### Problem
Should an entry include a picture, omit the picture and still repeat everything else exactly.

### Data for review
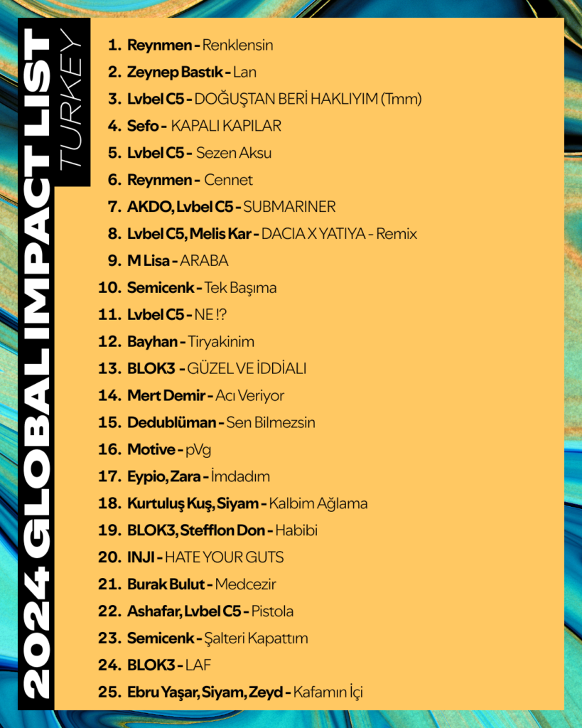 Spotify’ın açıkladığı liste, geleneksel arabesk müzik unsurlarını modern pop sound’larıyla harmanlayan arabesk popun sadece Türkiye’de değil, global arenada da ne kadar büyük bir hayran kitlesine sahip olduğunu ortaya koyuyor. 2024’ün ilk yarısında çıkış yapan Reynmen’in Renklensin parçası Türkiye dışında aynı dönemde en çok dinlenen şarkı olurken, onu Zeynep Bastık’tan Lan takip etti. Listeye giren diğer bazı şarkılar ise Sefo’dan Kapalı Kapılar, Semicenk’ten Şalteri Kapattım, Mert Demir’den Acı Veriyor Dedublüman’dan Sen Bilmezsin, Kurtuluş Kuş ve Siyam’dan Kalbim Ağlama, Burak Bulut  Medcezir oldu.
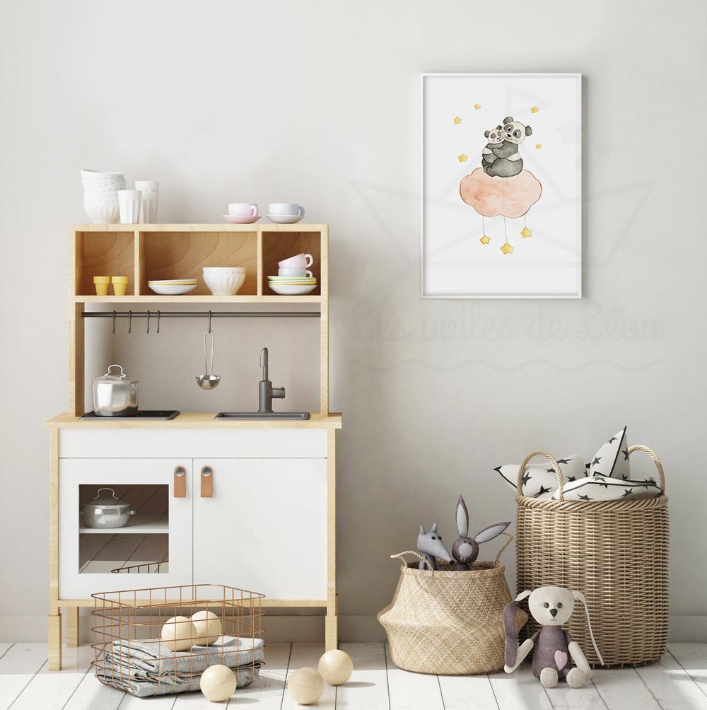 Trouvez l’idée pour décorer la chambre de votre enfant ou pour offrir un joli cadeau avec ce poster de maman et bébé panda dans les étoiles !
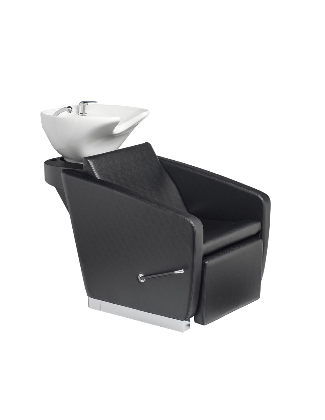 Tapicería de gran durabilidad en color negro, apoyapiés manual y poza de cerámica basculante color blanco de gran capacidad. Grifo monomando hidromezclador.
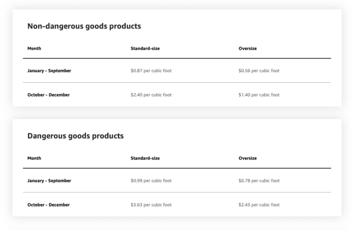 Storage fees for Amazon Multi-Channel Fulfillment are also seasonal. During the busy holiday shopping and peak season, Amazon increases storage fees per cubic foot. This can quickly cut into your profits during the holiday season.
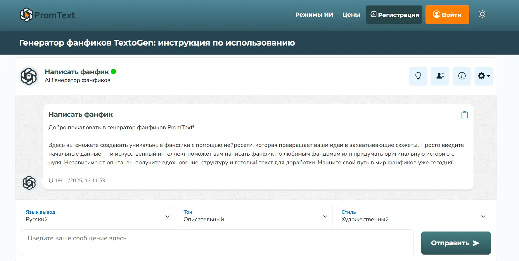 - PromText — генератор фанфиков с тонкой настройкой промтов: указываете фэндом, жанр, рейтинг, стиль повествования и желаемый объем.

### Output
 Spotify’ın açıkladığı liste, geleneksel arabesk müzik unsurlarını modern pop sound’larıyla harmanlayan arabesk popun sadece Türkiye’de değil, global arenada da ne kadar büyük bir hayran kitlesine sahip olduğunu ortaya koyuyor. 2024’ün ilk yarısında çıkış yapan Reynmen’in Renklensin parçası Türkiye dışında aynı dönemde en çok dinlenen şarkı olurken, onu Zeynep Bastık’tan Lan takip etti. Listeye giren diğer bazı şarkılar ise Sefo’dan Kapalı Kapılar, Semicenk’ten Şalteri Kapattım, Mert Demir’den Acı Veriyor Dedublüman’dan Sen Bilmezsin, Kurtuluş Kuş ve Siyam’dan Kalbim Ağlama, Burak Bulut  Medcezir oldu.
 Trouvez l’idée pour décorer la chambre de votre enfant ou pour offrir un joli cadeau avec ce poster de maman et bébé panda dans les étoiles !
 Tapicería de gran durabilidad en color negro, apoyapiés manual y poza de cerámica basculante color blanco de gran capacidad. Grifo monomando hidromezclador.
 Storage fees for Amazon Multi-Channel Fulfillment are also seasonal. During the busy holiday shopping and peak season, Amazon increases storage fees per cubic foot. This can quickly cut into your profits during the holiday season.
 - PromText — генератор фанфиков с тонкой настройкой промтов: указываете фэндом, жанр, рейтинг, стиль повествования и желаемый объем.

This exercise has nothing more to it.